Oracle connector.properties looks like

name=oracle_sink

connector.class=io.confluent.connect.jdbc.JdbcSinkConnector

tasks.max=1

topics=DJ

connection.url=jdbc:oracle:thin:@hostname:port:sid

connection.user=username

connection.password=password

#key.converter=org.apache.kafka.connect.json.JsonConverter

#value.converter=org.apache.kafka.connect.json.JsonConverter

auto.create=true

auto.evolve=true

Connect-Standalone.properties

My JSON looks like -

{"Item":"12","Sourcing Reason":"corr","Postal Code":"l45","OrderNum":"10023","Intended Node Distance":1125.8,"Chosen Node":"34556","Quantity":1,"Order Date":1503808765201,"Intended Node":"001","Chosen Node Distance":315.8,"Sourcing Logic":"reducesplits"}

Answer

Robin Moffatt picture Robin Moffatt · Aug 29, 2017

Per the documentation

The sink connector requires knowledge of schemas, so you should use a suitable converter e.g. the Avro converter that comes with the schema registry, or the JSON converter with schemas enabled.

So if your data is JSON you would have the following configuration:

[...]
"value.converter": "org.apache.kafka.connect.json.JsonConverter",
"value.converter.schemas.enable": "true",
[...]

The error you see in the second instance is pertinent -- JsonConverter with schemas.enable requires "schema" and "payload" fields - the JSON you share does not meet this required format.

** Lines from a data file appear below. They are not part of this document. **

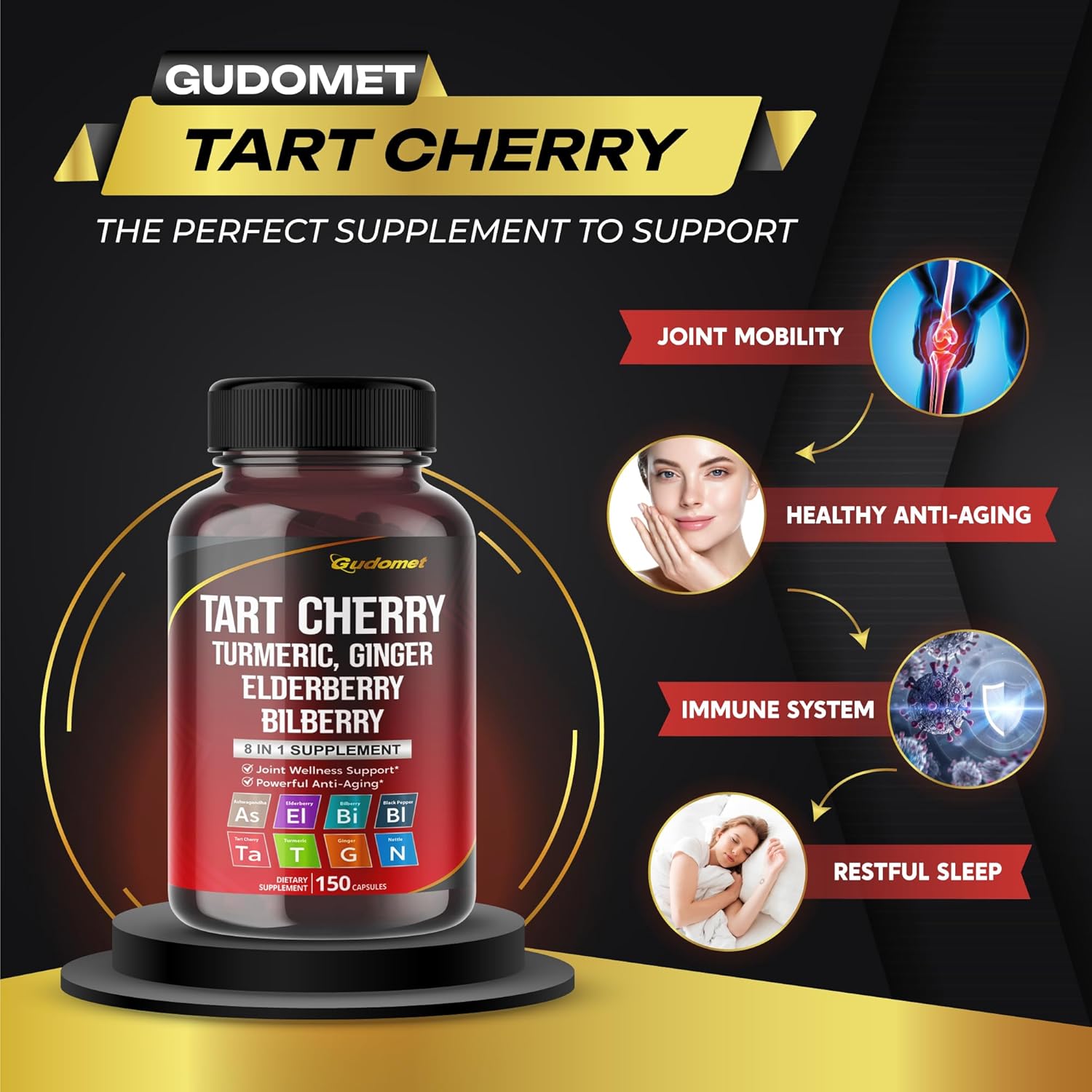 Tart Cherry Turmeric Ginger Stinging Ashwagandha Elderberry Bilberry Black Pepper -150 Capsules- Made in USA
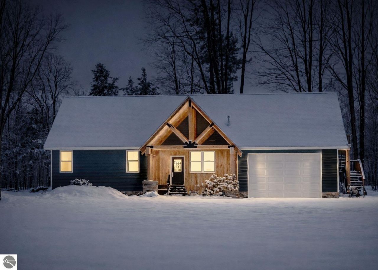 Welcome to this beautifully designed newer construction home located near Lake City, Michigan, offering space, privacy, and modern comfort on a rare 2.26 acre setting in Northern Michigan. Built only a couple of years ago, this property combines thoughtful layout, quality finishes, and a peaceful location that feels secluded while remaining conveniently close to town, just three miles from downtown Lake City. The main home features three spacious bedrooms and three full bathrooms, along with a private mother in law suite or fourth bedroom located off the attached garage. This flexible space is ideal for guests, extended family, or a home office. The open concept main level showcases soaring 16 foot ceilings that create a bright and inviting atmosphere. The living, dining, and kitchen areas flow seamlessly together and are anchored by a beautiful gas fireplace, making the space perfect for everyday living and entertaining. The primary bedroom is generously sized and easily accommodates a California King bed, offering a comfortable retreat. The attached bathroom features dual shower heads and a his and hers vanity, blending comfort and functionality. The fully finished basement adds exceptional living and entertaining space. It includes a bar area and a theater room setup, ideal for hosting gatherings or enjoying movie nights at home. The basement also features an additional bedroom and full bathroom, along with a large gun safe that is included with the property. Outside, the home sits on 1.53 acres with an additional attached 0.73 acre parcel, totaling 2.26 acres of usable land. Tucked well off the road, the property offers privacy and quiet with no traffic noise, while still providing quick access to Lake City shopping, dining, schools, and local lakes. This is a rare opportunity to own a nearly new home near Lake City that delivers modern design, spacious living, and peaceful surroundings while staying close to everything Northern Michigan has to offer.
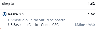 Este încă devreme, dar Sassuolo are nevoie de puncte pentru aș asigura prezența în Serie A și în sezonul următor, iar Genoa pare o victimă perfectă pentru a putea dobândi încă 3 puncte.

Here's a simple example of a valid JSON message with schema and payload :

{
    "schema": {
        "type": "struct",
        "fields": [{
            "type": "int32",
            "optional": true,
            "field": "c1"
        }, {
            "type": "string",
            "optional": true,
            "field": "c2"
        }, {
            "type": "int64",
            "optional": false,
            "name": "org.apache.kafka.connect.data.Timestamp",
            "version": 1,
            "field": "create_ts"
        }, {
            "type": "int64",
            "optional": false,
            "name": "org.apache.kafka.connect.data.Timestamp",
            "version": 1,
            "field": "update_ts"
        }],
        "optional": false,
        "name": "foobar"
    },
    "payload": {
        "c1": 10000,
        "c2": "bar",
        "create_ts": 1501834166000,
        "update_ts": 1501834166000
    }
}

What's your source for the data that you're trying to land to Oracle? If it's Kafka Connect inbound then you simply use the same converter configuration (Avro + Confluent Schema Registry) would be easier and more efficient. If it's a custom application, you'll need to get it to either (a) use the Confluent Avro serialiser or (b) write the JSON in the required format above, providing the schema of the payload inline with the message.